# New here



## Jeff L (Oct 20, 2006)

Hi, my name is Jeff. I'm 23, and I live in East Aurora, NY. I've not studied a martial art previously, but am currently looking into many different forms in order to determine what I might like to begin studying.

I'm finding it difficult, as the amount of arts seems overwhelming at first. But this community seems like a great resource, and hopefully it will be helpful in both choosing what I'd like to study, and helping me down my path once I have chosen.


----------



## bydand (Oct 20, 2006)

Welcome to Martial Talk.  Good luck in finding the art that is right for you.


----------



## Jeff L (Oct 20, 2006)

Thanks Scott!


----------



## Paul B (Oct 20, 2006)

Welcome to MT,Jeff! Happy posting!


----------



## exile (Oct 20, 2006)

Hello Jeff, good to have you on MT. Sounds to me as though the best thing for you to do is visit as many MA schools as possible and see (literally) what appeals to you. There's an MA for every taste and preference. Any ideas about what you think you might like, based on what you've seen/heard so far?


----------



## MJS (Oct 20, 2006)

Welcome to MT Jeff!!  Enjoy your stay! :ultracool 

Mike


----------



## Jeff L (Oct 20, 2006)

exile said:


> Hello Jeff, good to have you on MT. Sounds to me as though the best thing for you to do is visit as many MA schools as possible and see (literally) what appeals to you. There's an MA for every taste and preference. Any ideas about what you think you might like, based on what you've seen/heard so far?


 
From what I've been reading, I'm intrigued by Hun Gar Kung Fu, and it turns out there is a school 15 min from where I live. I'll probably start my search there this weekend by requesting if I can observe a class, but honestly, I've not a clue what I should be looking for.


----------



## exile (Oct 21, 2006)

Jeff L said:


> From what I've been reading, I'm intrigued by Hun Gar Kung Fu, and it turns out there is a school 15 min from where I live. I'll probably start my search there this weekend by requesting if I can observe a class, but honestly, I've not a clue what I should be looking for.

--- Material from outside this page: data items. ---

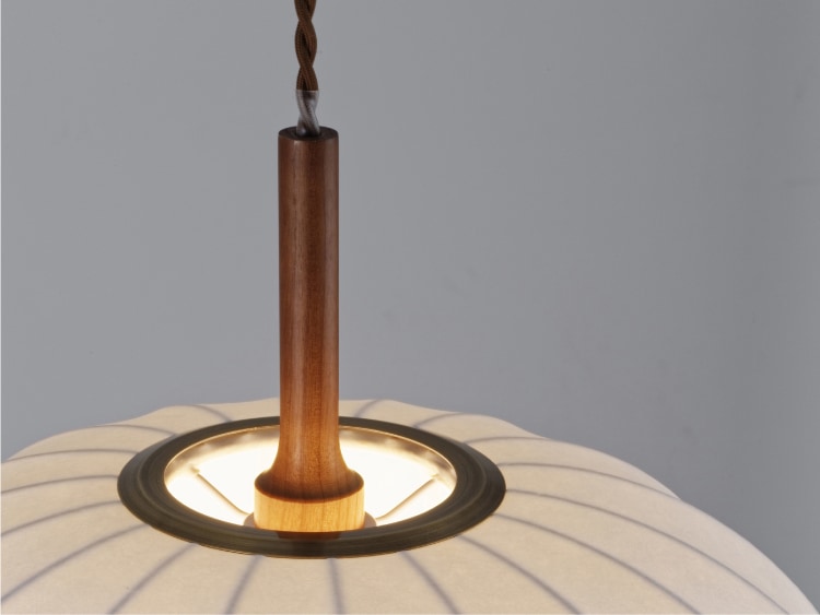 シルクのようにしなやかな素材を用いた、素朴で柔らかな光を灯すペンダントライト。 心地よいカーブを描きながら膨らむフォルムは懐かしさも感じさせます。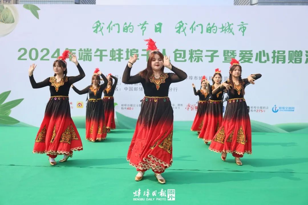 活動在安徽財經大學新疆籍學生表演的舞蹈《石榴花開》中拉開帷幕。端午佳節承載著團圓安康的美好祝愿,是中華兒女共同的文化紐帶和情感寄托。千人包粽子活動今年是第二屆,參與面越來越廣,影響力日益增強,吸引了小朋友、中青年和老人等各個年齡段的一千余位市民的積極參與,現場歡聲笑語, 新城濱湖學校的小朋友還帶來了一場精彩的文藝演出。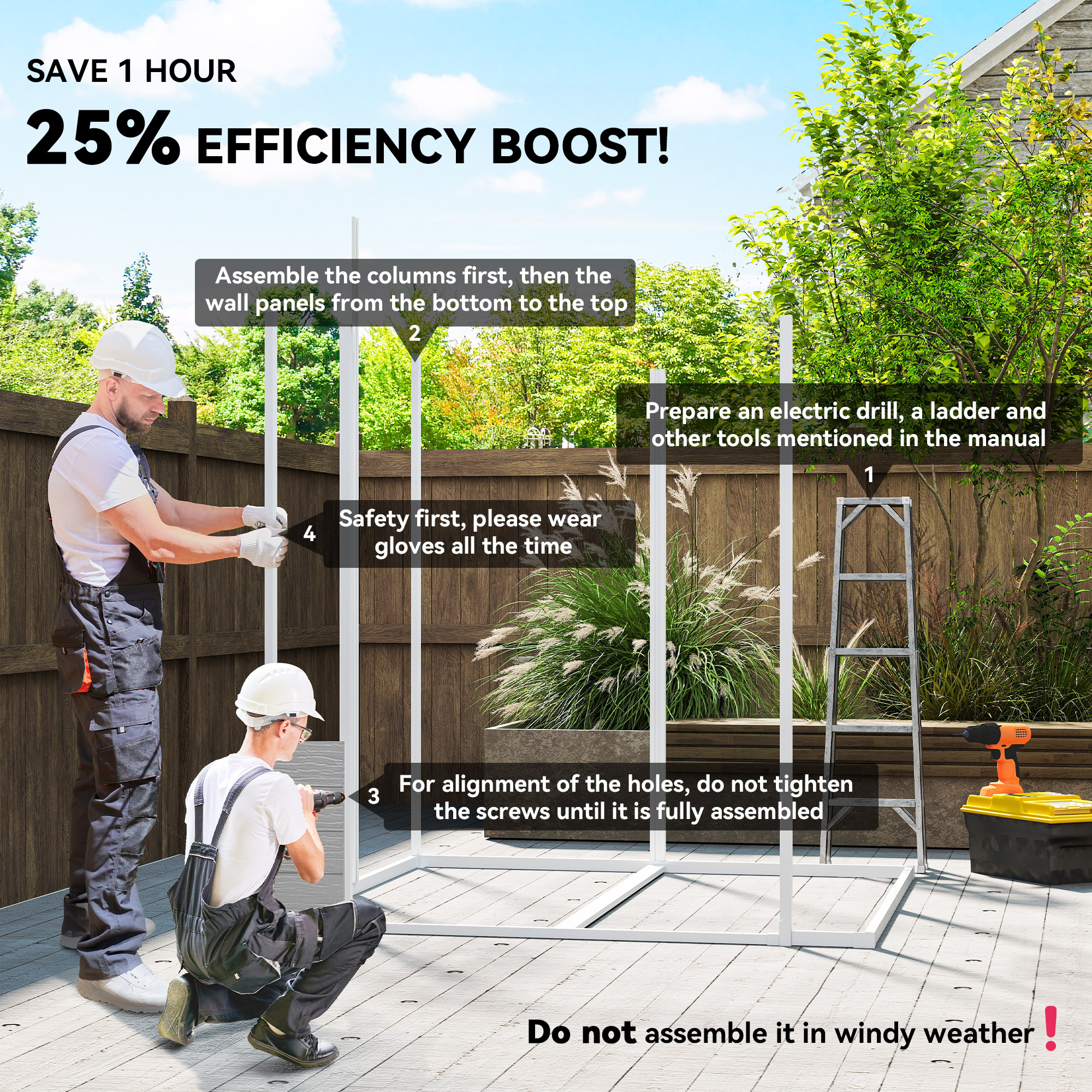 Discover the spacious Outsunny Outdoor Shed, a haven for your garden tools and outdoor essentials. Crafted from 12 mm thick polypropylene resin and reinforced with aluminium, it's waterproof, UV-resistant and stylishly designed to withstand the elements. The included floor keeps rainwater at bay, while a clear window and dual vents ensure your outdoor storage shed is always bright and airy.

I do TKD, but I suspect everyone's going to be looking for roughly the same things in a MA schoo. Here are some pointers that will probably be useful. 

i. Does the school seem well-organized? i.e., does it seem as though the people in charge know what they're doing? This is something that you can often get an immediate feel for, even if you don't have technical knowledge of the art itself.

ii. Does class begin promptly?

iii. Are instructions issued clearly? Does the instructor give at least a general idea of what the particular subject matter that you're about to work on is (forms? individual techniques? balance? impact training? flow exercises? and so on). Are the physical mechanics of the techniques explained at least in broad outline?

iv. Is there a mix of activities? Stretching/breathing-meditation/basic techniques/forms/combat-oriented exercises (these in no particular order, but usually they're sequenced in the order I've listed)?

v. Does the instructional staff watch individual performance carefully and step in to correct or modify students' execution of techniques as needed?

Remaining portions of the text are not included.